To ensure optimal performance while reducing model complexity, LYOLOv8 incorporates DySample, CA, ODConv and DIoU modules. These components collectively enhance AP0.5:0.95, indicating improved accuracy. While DySample and CA marginally increase model complexity, they contribute substantially to overall performance. ODConv uniquely reduces complexity while boosting accuracy, and DIoU refines localization. The final LYOLOv8 model achieves a 41% parameter reduction and a 54% GFLOPs reduction compared to the baseline, demonstrating significant computational efficiency gains. Notably, AP0.5 remains at 99.0%, and AP0.5:0.95 improves to 87.1%, showcasing the model’s ability to maintain accuracy while reducing resource consumption.

In addition to the aforementioned experiments, supplementary experiments were conducted to further validate the efficacy of the modules introduced in this study.

Effectiveness of DySample

The role of the upSampling layer is to enlarge the low-resolution feature map in order to align it with the high-resolution feature map, thereby enhancing its capability to capture intricate details of small fire targets. This can be advantageous for subsequent tasks, such as detection or other task executions. To further validate the effectiveness of DySample, we conducted a comparative analysis by evaluating two upSampling algorithms, namely Nearest and Content-Aware Reassembly of FEatures (CARAFE), based on LYOLOv8. The corresponding results are presented in Table 4, showing that DySample performs best on Recall.

In comparison, it is evident that both CARAFE and DySample outperform the original Nearest algorithm on this network. Although CARAFE demonstrates slightly superior overall performance compared to DySample, the additional complexity introduced by CARAFE surpasses that of DySample. Considering the comparable upSampling performance between the two algorithms, we chose to adopt the DySample algorithm.

2.: Effectiveness of CA

The primary objective of the attention mechanism is to highlight crucial information that is relevant to the current task goal. This mechanism can be viewed as a dynamic adjustment of weights for input image features. In this experiment, we explored various attention mechanisms based on LYOLOv8–DySample; the pertinent results are illustrated in Table 5.

The incorporation of attention mechanism enhances the network’s ability to selectively attend to forest fire information, thereby augmenting its capability in detecting small fires. To validate the efficacy of CA, it is compared against Channel Attention, Convolutional Block Attention Module (CBAM) and the original network. Based on our experiments, we observe that the combined attention mechanisms outperform the original network overall, with CA exhibiting superior performance by achieving maximum AP0.5:0.95 index and Precision while introducing minimal complexity to the network.

3.: Effectiveness of DIoU

The loss function plays a crucial role in model training, facilitating better convergence and acquisition of valuable information. In the experiments, CIoU, MPDIoU, GIoU, InnerIoU, SIoU and DIoU were selected as loss functions, respectively, based on the LYOLOv8–DySample–CA–ODConv network. Through experimental data analysis, it is evident that choosing DIoU as the loss function yields superior performance with AP0.5:0.95, reaching a maximum value of 87.1%. The corresponding results are presented in Table 6.

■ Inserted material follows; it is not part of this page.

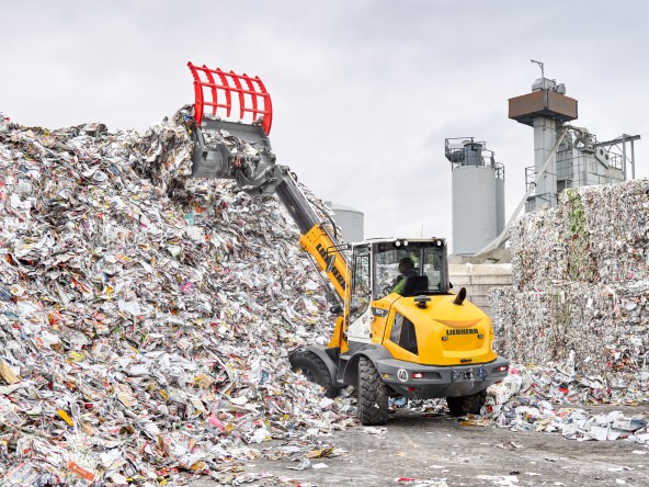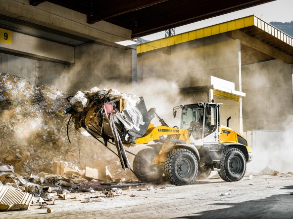 In waste management, machines need to be versatile and resilient. The Liebherr L 509 Tele telescopic wheel loader offers exactly that. With its telescopic lift arms, it can adapt to different requirements and master tasks such as loading high containers with ease. It combines the best of two worlds: the impressive lifting height of a telescopic handler and the heavy handling capacity of a wheel loader. This makes it the ideal partner for daily recycling operations.

From the conducted experiments, it is evident that different loss functions exhibit varied performance on this network. CIoU achieves maximum Precision but minimum Recall, implying a higher missed detection rate. In contrast, SIoU achieves the highest recall but lacks high precision, resulting in a higher false alarm rate and poor performance on the main metric AP0.5:0.95. Conversely, DIoU demonstrates strong performance across precision, recall and AP0.5:0.95. Additionally, the loss functions listed in Table 6, including GIoU, introduce additional penalty terms for optimization compared to traditional loss functions. Apart from InnerIoU, DIoU exhibits the smallest box_loss, indicating that the model’s predicted bounding boxes have minimal discrepancies with the ground truth boxes, leading to better localization of the actual objects. In summary, DIoU demonstrates superior performance across overall metrics, thereby enhancing the network’s performance and making it more suitable for detecting small target forest fires.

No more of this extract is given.